According to a press release issued by the drugmaker on June 18, the FDA’s decision was influenced by data from a Phase 3 trial.The trial demonstrated that over 99.9% of participants who received the lenacapavir injection remained HIV negative.
This new injectable stands in contrast to daily oral medications currently used for HIV protection. Public health officials and researchers anticipate that this long-acting option will enhance both access to and adherence to HIV prevention strategies.
Gilead has stated that they are actively working to ensure insurance coverage for the drug. Furthermore, they aim to make it available at little to no cost for uninsured individuals in the U.S. The company has also submitted applications seeking approval in other countries.

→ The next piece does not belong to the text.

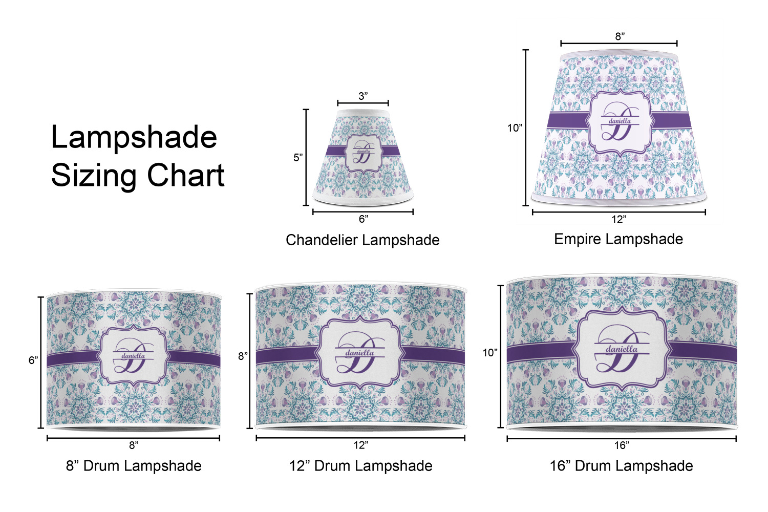 Our customized lamp shades also come in 3 different sizes: 8", 12" and 16", measuring at 8" in diameter by 6" tall, 12" in diameter by 8" tall, and 16" in diameter by 10" tall, respectively.

“More than 99.9% of participants who received the injection remained HIV negative.”
Frequently Asked questions
- What is lenacapavir?
- Lenacapavir is a twice-yearly injectable medication approved by the FDA for HIV prevention in at-risk adults and adolescents.
- How effective is lenacapavir?
- Clinical trials showed that over 99.9% of participants receiving lenacapavir remained HIV negative.
- How often is the injection administered?
- the injection is administered twice a year.
- Will lenacapavir be affordable?
- Gilead is working to ensure insurance coverage and will offer the drug at low or no cost for uninsured individuals in the U.S.